§ **PROMPT**:
The expected output is every line of the data exactly as shown, minus the images.

§ **RAW DATA**:
Content starts
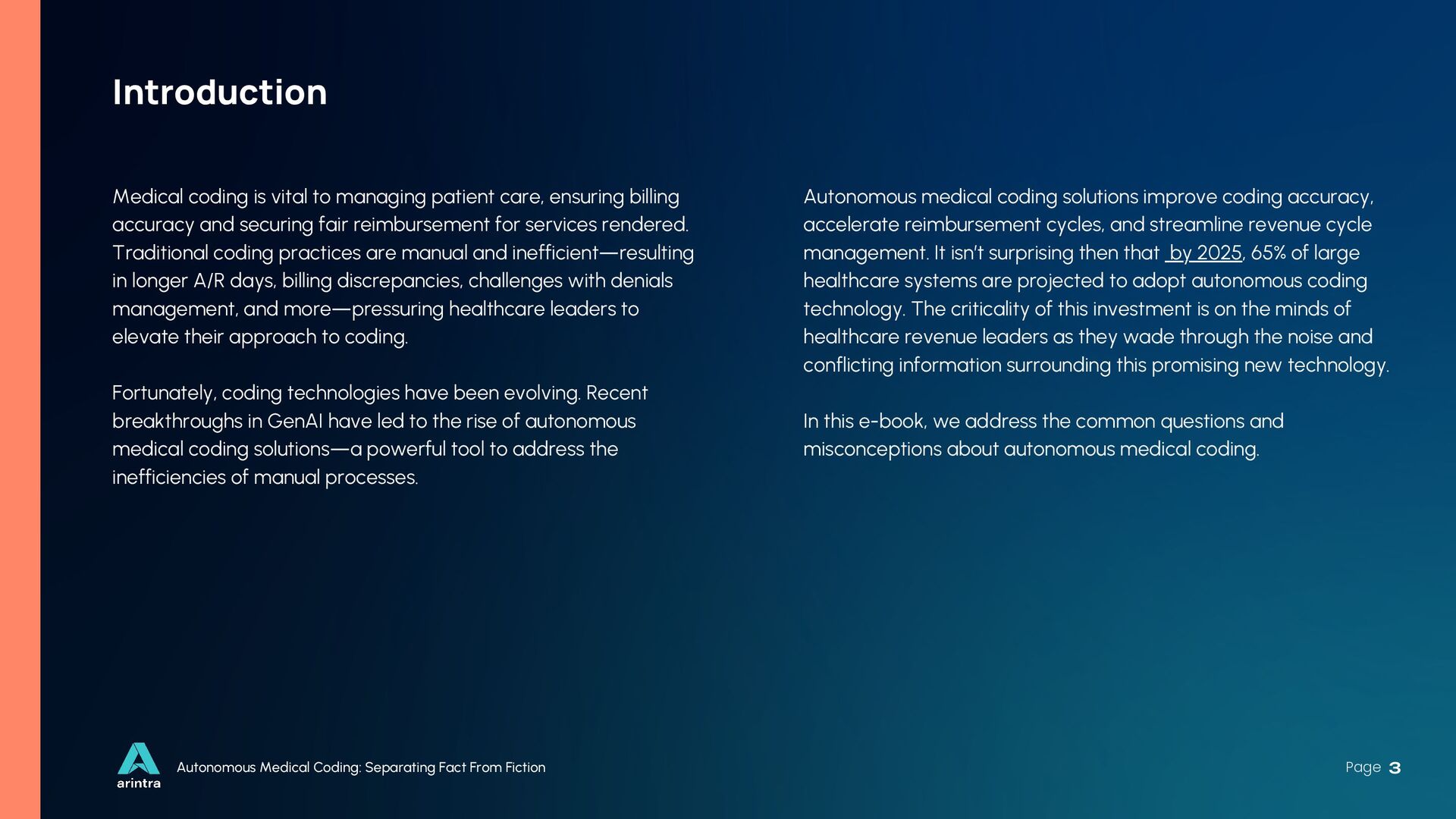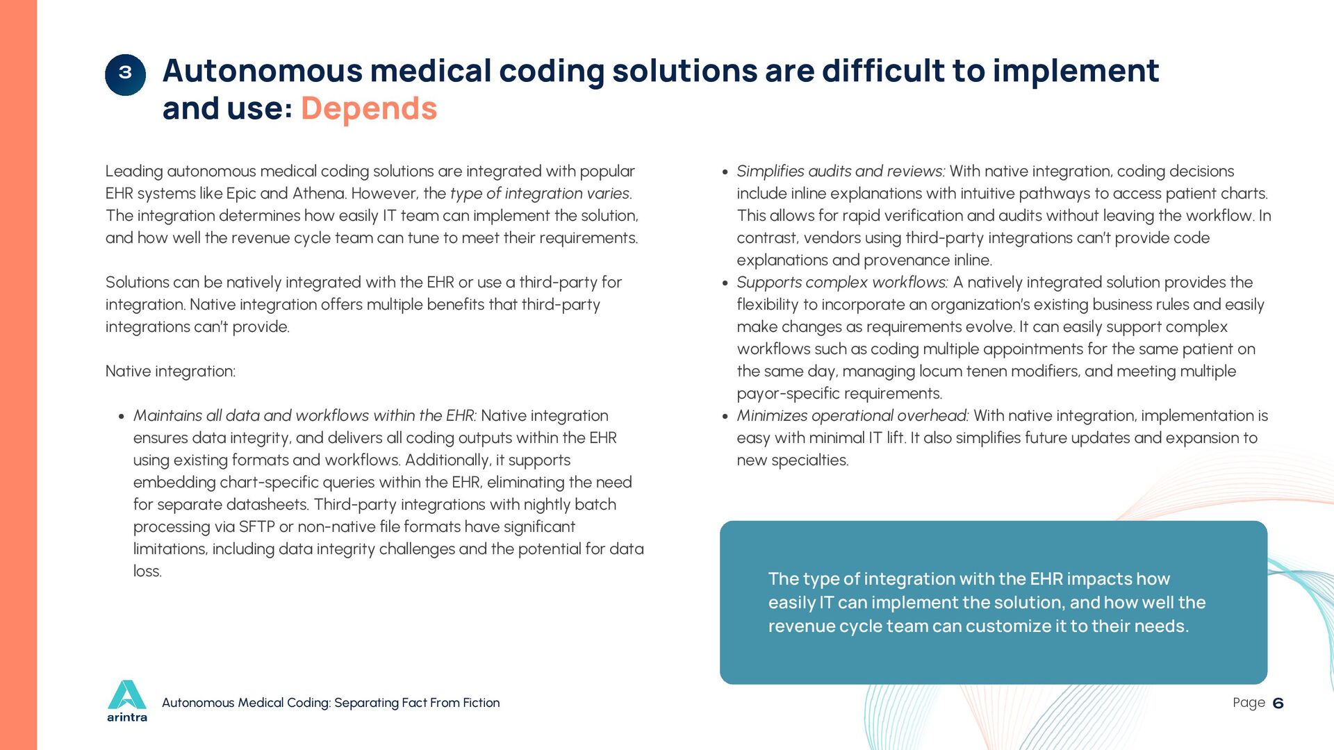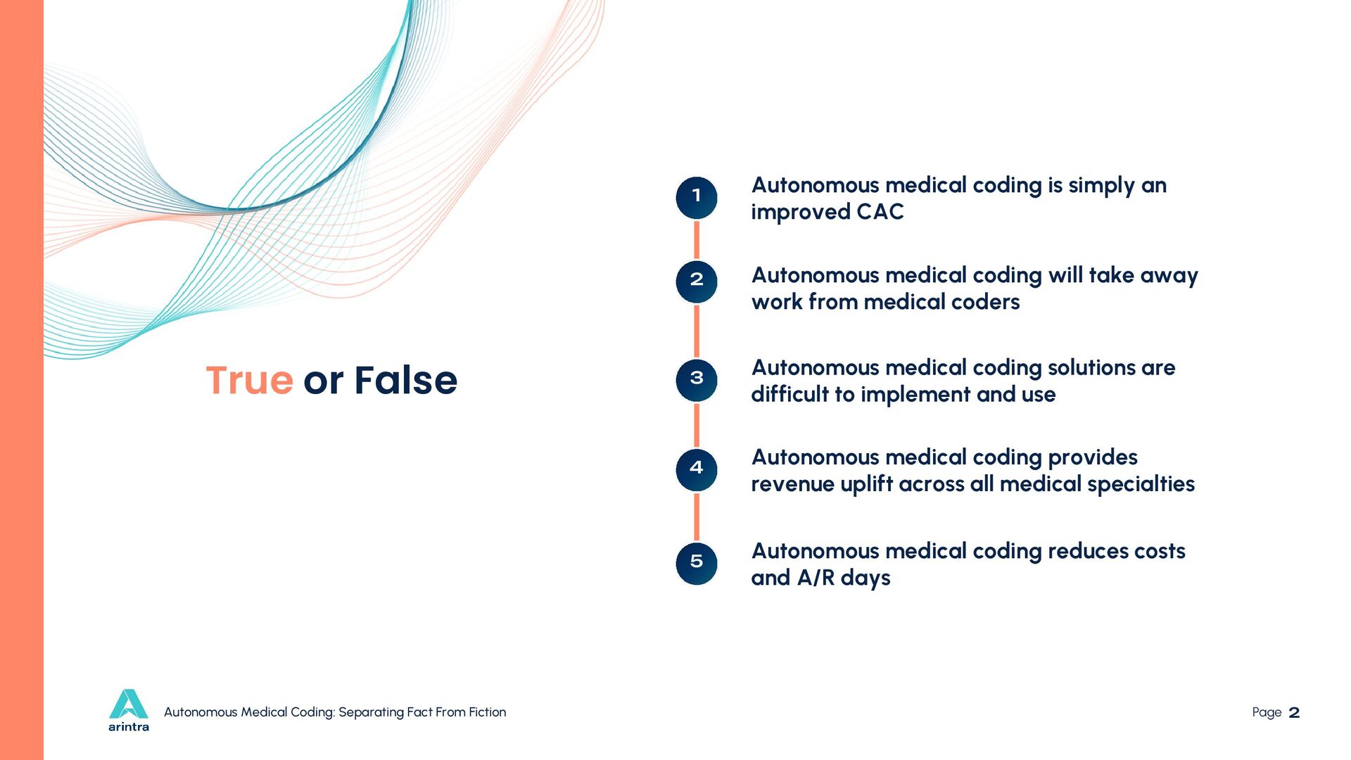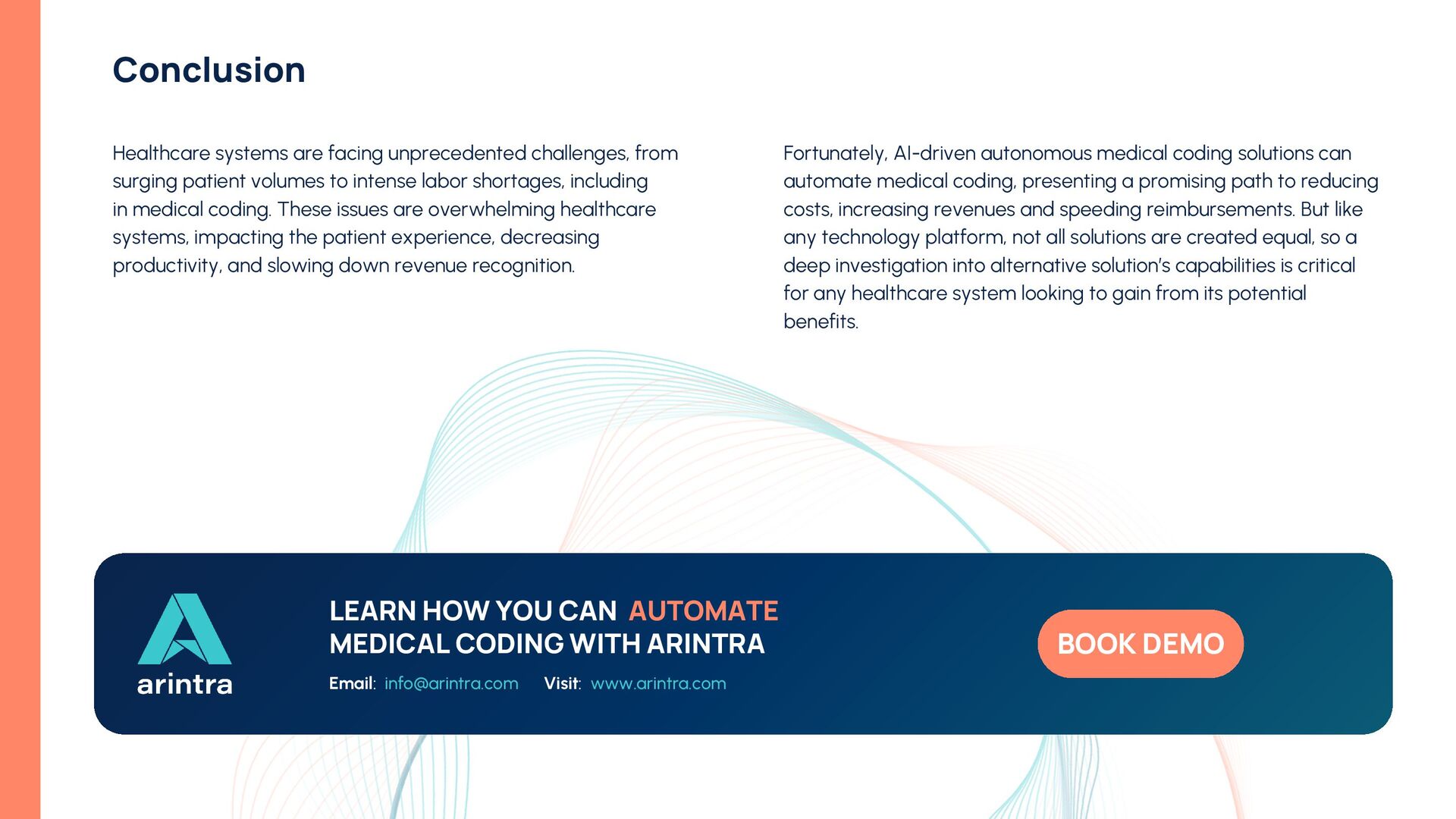 Healthcare systems bogged down by inefficient manual coding practices widely adopted computer-assisted coding (CAC) in the early 2000s. Using natural language processing (NLP) and machine learning, CAC assists medical coders by suggesting appropriate codes for patient charts. Although an improvement over manual coding, CAC has many limitations including: Limited ability to interpret documentation: CAC can’t interpret unstructured, free flowing clinical text. It also cannot flag or assist in improving documentation. Black box format: Suggested codes come without any explanation creating a challenge for coders. It also complicates denial management, auditing and compliance. Manual workload remains: CAC only suggests codes—coders must accept, reject or modify the codes, plus add any missing codes identified in their review. The coding process thus remains largely manual leaving backlogs unresolved. Essentially, CAC relies on predefined structures and human intervention. It cannot ensure coding accuracy or help tackle the chart backlog. Autonomous medical coding solutions go well beyond merely suggesting codes, independently coding the vast majority of charts with high accuracy. Unlike CAC, autonomous medical coding solutions: Interpret all relevant documentation: Using the latest advances in deep learning and large language models (LLMs), autonomous coding solutions effectively parse and interpret all clinical data—both structured and unstructured text—and convert it to standardized diagnoses and codes with very high accuracy. These solutions can also identify documentation gaps, helping improve the quality of clinical documentation. Are explainable: Every code comes with a clear explanation, making it easy to verify accuracy, and simplifying audit and compliance activities. Automate coding: A majority of the charts are coded and sent to billing with no human intervention. This significantly reduces coder workload, even as chart volumes grow. 4 Page By ensuring coding accuracy, reducing chart backlog and enabling coder productivity, autonomous medical coding solutions improve revenue, efficiency and compliance for healthcare systems. Autonomous Medical Coding: Separating Fact From Fiction
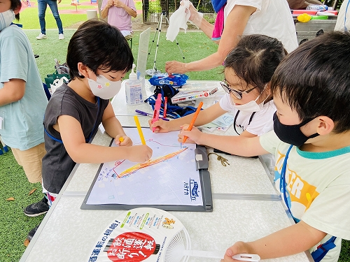 ゴールしたらお約束の今日の振り返りマップのカキカキです。感性豊かなアート感覚いっぱいのマップが出来上がりました! そして、ゴールでは全員にかき氷の振る舞いが町会からありました。
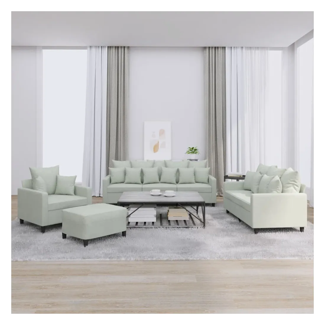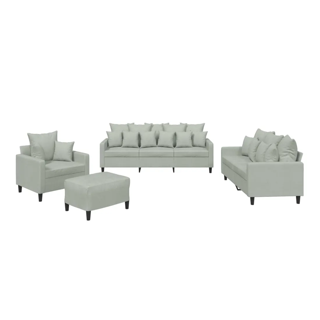Cet ensemble de canapés est un excellent endroit pour discuter, lire, regarder la télévision ou simplement vous détendre. Il est destiné à être un point central de votre maison. Velours doux : le velours est un tissu doux et confortable, agréable au toucher.Structure robuste et stable : la structure en contreplaqué et en métal du canapé assure robustesse et stabilité. Expérience d'assise confortable : le canapé est très confortable avec le siège, les accoudoirs et les oreillers de dossier bien rembourrés.Pouf polyvalent : ce repose-pied convient pour reposer vos pieds lorsque vous êtes allongé dans un canapé ou pour vous offrir un siège supplémentaire dans votre pièce. De plus, le design simple et la taille compacte le rendent idéal pour presque tous vos espaces de vie.
Content ends
§ **RESULT BELOW**:
 Healthcare systems bogged down by inefficient manual coding practices widely adopted computer-assisted coding (CAC) in the early 2000s. Using natural language processing (NLP) and machine learning, CAC assists medical coders by suggesting appropriate codes for patient charts. Although an improvement over manual coding, CAC has many limitations including: Limited ability to interpret documentation: CAC can’t interpret unstructured, free flowing clinical text. It also cannot flag or assist in improving documentation. Black box format: Suggested codes come without any explanation creating a challenge for coders. It also complicates denial management, auditing and compliance. Manual workload remains: CAC only suggests codes—coders must accept, reject or modify the codes, plus add any missing codes identified in their review. The coding process thus remains largely manual leaving backlogs unresolved. Essentially, CAC relies on predefined structures and human intervention. It cannot ensure coding accuracy or help tackle the chart backlog. Autonomous medical coding solutions go well beyond merely suggesting codes, independently coding the vast majority of charts with high accuracy. Unlike CAC, autonomous medical coding solutions: Interpret all relevant documentation: Using the latest advances in deep learning and large language models (LLMs), autonomous coding solutions effectively parse and interpret all clinical data—both structured and unstructured text—and convert it to standardized diagnoses and codes with very high accuracy. These solutions can also identify documentation gaps, helping improve the quality of clinical documentation. Are explainable: Every code comes with a clear explanation, making it easy to verify accuracy, and simplifying audit and compliance activities. Automate coding: A majority of the charts are coded and sent to billing with no human intervention. This significantly reduces coder workload, even as chart volumes grow. 4 Page By ensuring coding accuracy, reducing chart backlog and enabling coder productivity, autonomous medical coding solutions improve revenue, efficiency and compliance for healthcare systems. Autonomous Medical Coding: Separating Fact From Fiction
 ゴールしたらお約束の今日の振り返りマップのカキカキです。感性豊かなアート感覚いっぱいのマップが出来上がりました! そして、ゴールでは全員にかき氷の振る舞いが町会からありました。
Cet ensemble de canapés est un excellent endroit pour discuter, lire, regarder la télévision ou simplement vous détendre. Il est destiné à être un point central de votre maison. Velours doux : le velours est un tissu doux et confortable, agréable au toucher.Structure robuste et stable : la structure en contreplaqué et en métal du canapé assure robustesse et stabilité. Expérience d'assise confortable : le canapé est très confortable avec le siège, les accoudoirs et les oreillers de dossier bien rembourrés.Pouf polyvalent : ce repose-pied convient pour reposer vos pieds lorsque vous êtes allongé dans un canapé ou pour vous offrir un siège supplémentaire dans votre pièce. De plus, le design simple et la taille compacte le rendent idéal pour presque tous vos espaces de vie.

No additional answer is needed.